His experience includes six years at E*TRADE Financial, where he served as chief operating officer of E*TRADE Bank, a $35 billion federally regulated thrift. From 2005 to 2011, Gutterman was president of MBH Enterprises, a holding company that buys controlling interest in financial service companies. He serves on the board of the State of Colorado Venture Capital Authority at the appointment of Gov. Bill Ritter. He was also a founder of Solera National Bank, a nationally-chartered bank that focuses on serving the needs of underserved retail banking customers.

GeoPoll has 52 employees worldwide with offices in Washington, D.C. and Nairobi. Gutterman expects to add staff in Lagos, Nigeria, and Johannesburg, South Africa.

The company has raised about $11 million in financing. James Eberhard — the first person to do mobile ring tones, according to Gutterman — founded the company. “I hesitate to use the word genius, but he really is a visionary,” Gutterman said. “Were a tightly knit team here and having Jimmy and his uncanny ability to understand what’s next in the mobile market has been a real advantage for us.”

At GeoPoll, Gutterman said, “what inspires all of us here – we see an enormous opportunity to help transform lives on the ground, to provide some momentum to economies, to increase the level of understanding of countries we’re operating in in a way that’s profitable for all our shareholders.”

Doing surveys in South Africa

South Africa is different from any other country on the continent. It has a much more advanced infrastructure so its easier to take surveys there, Gutterman said. All the large market research companies — Nielsen, Gallup — do an OK job in South Africa, he said.

“But even in a country like South Africa there are large areas where its hard to get into and even companies that have a presence there are struggling.”

Who’s doing well gathering information in the rest of Africa?
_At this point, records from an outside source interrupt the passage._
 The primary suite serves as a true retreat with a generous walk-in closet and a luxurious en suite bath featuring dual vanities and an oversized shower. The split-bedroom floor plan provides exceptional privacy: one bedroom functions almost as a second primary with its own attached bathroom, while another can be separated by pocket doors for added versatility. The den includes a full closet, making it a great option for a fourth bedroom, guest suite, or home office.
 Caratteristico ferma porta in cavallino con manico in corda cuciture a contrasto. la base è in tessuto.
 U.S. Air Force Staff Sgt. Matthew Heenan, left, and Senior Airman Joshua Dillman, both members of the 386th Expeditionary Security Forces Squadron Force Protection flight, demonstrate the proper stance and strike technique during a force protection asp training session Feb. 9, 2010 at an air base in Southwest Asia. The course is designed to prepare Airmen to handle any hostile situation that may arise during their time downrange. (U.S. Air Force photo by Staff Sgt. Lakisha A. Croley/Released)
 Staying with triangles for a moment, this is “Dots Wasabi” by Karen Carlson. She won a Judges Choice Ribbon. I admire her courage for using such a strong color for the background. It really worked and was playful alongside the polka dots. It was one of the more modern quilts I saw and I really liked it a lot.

“Nobody,” Gutterman said. “Nigeria is a burgeoning economy and I would say it’s an economic force right now. In 20 years Lagos will be mentioned with other alpha cities around the world. But from an infrastructure standpoint, it’s not an easy place to gather information, and that’s in Lagos. If you move outside (Lagos) it becomes even more difficult. Nigeria (is like at least) two different countries split by religion. It’s hard to get information. No-one’s doing a great job. You’d expect there’d be more advanced methods of information-gathering.

“Kenya, Uganda, Rwanda — not great information gathering. Theres’ a real need for what we do.”
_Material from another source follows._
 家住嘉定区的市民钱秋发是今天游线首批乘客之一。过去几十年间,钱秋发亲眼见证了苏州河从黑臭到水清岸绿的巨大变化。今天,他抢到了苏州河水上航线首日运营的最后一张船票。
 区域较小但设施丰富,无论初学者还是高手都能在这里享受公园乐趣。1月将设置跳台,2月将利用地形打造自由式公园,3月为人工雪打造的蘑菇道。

What is GeoPoll doing differently from its competition?

“We are actually reaching people because we are…communicating with them really in the only practical way of communicating with people in rural areas disconnected from urban centers.

“Across Africa there’s about 75-percent cell phone penetration. In sub-Saharan Africa, cell phones are often one of the first purchases.

“We’re not talking about iPhone 5. We’re talking about much cheaper flip phones but they can still respond to a poll.

“In addition to paying (respondents) with airtime credit, we zero-rate the message: we pay the telecoms for them.”

If mobile customers in Africa say they have no option to opt out of receiving unsolicited text requests to respond to a poll they’re wrong, Gutterman said, adding, “I can’t comment on the whole industry.”

(GeoPoll) is competing in Africa with traditional market research firms like Nielsen, GFK, iPsos, and local polling companies that do the same thing.

All are still using pen and paper technology, Gutterman said. A handful offer Internet-based polling. “It’s cheaper and faster than traditional methods but produces a skewed sample,” he said.

The future of market research in developing countries

“We have a window of opportunity and the market will eventually move this way,” Gutterberg said. “I think the pace of change in developing countries is often slower than we might have originally thought. I remember 18 years ago I had a business school professor who said, ‘They’ve gotta sell Blockbuster (Video) – it’s doomed.’ He was right but he was 16 years early.

“I think in time there will be more Internet penetration in the developing world and traditional survey companies will adopt alternate forms of reaching people.

“These markets we’re talking about and the demand for information is so vast that there is going to be a need for multiple participants.”